Good News in Reproductive Health

An FDA panel of 11 people, nine of whom are women, has unanimously recommended that the FDA approve Ella, a government-developed drug that can prevent pregnancy for up to five days after unprotected PIV sex.
[Ella] appears to be more effective than Plan B, a morning-after pill now available over the counter to women 18 and older that gradually loses efficacy after intercourse and can be taken at latest three days after sex. Ella, by contrast, works just as well on the fifth day as the first after sex.

Ella blocks the effects of progesterone, a female hormone that spurs ovulation. It is a chemical relative to RU-486, the abortion pill.
If approved for sale, Ella would first be made available only by prescription. Plan B has now been available without a prescription since 2006.

Naturally, there had to be some bullshit at the hearing:
[S]ome mystery remains over exactly how it works. That mystery spurred a fierce debate outside the committee over whether it should be considered an abortion drug, a debate that prompted the posting of several uniformed police officers around the meeting room.

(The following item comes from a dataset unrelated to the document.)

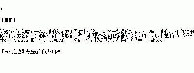 --______ father took part in the charity activity in the neighbourhood yesterday ?

…The dispute is whether the drug works by delaying ovulation (as the pill's manufacturer claims) or by preventing a fertilized egg from implanting itself in the uterus (as anti-abortion advocates say).

Dr. Jeffrey Bray, a pharmacologist at the Food and Drug Administration, said that ella may do both.

…Wendy Wright, president of Concerned Women for America, a conservative group, called ella an unsafe abortion pill that men might slip to unsuspecting women.

"With ella, women will be enticed to buy a poorly tested abortion pill in the guise of a morning-after pill," she said.
Well, if the president of Hand-Wringing Misogynists of America says it, it must be true! Fuck you, SCIENCE!

By the way, with regard to Wright's claim that "men might slip Ella to unsuspecting women," like everything else, she's got it precisely backwards: Reproductive coercion is a serious and insufficiently addressed problem, but the central issue is not men who try to keep their partners from getting pregnant; it's men who sabotage their partners' birth control in order that they become pregnant and thus connected for life if a child is born.

If Wright were really concerned about women, and of course she isn't, she would support making available every option for women to terminate unwanted pregnancies, which include those caused by partner abuse.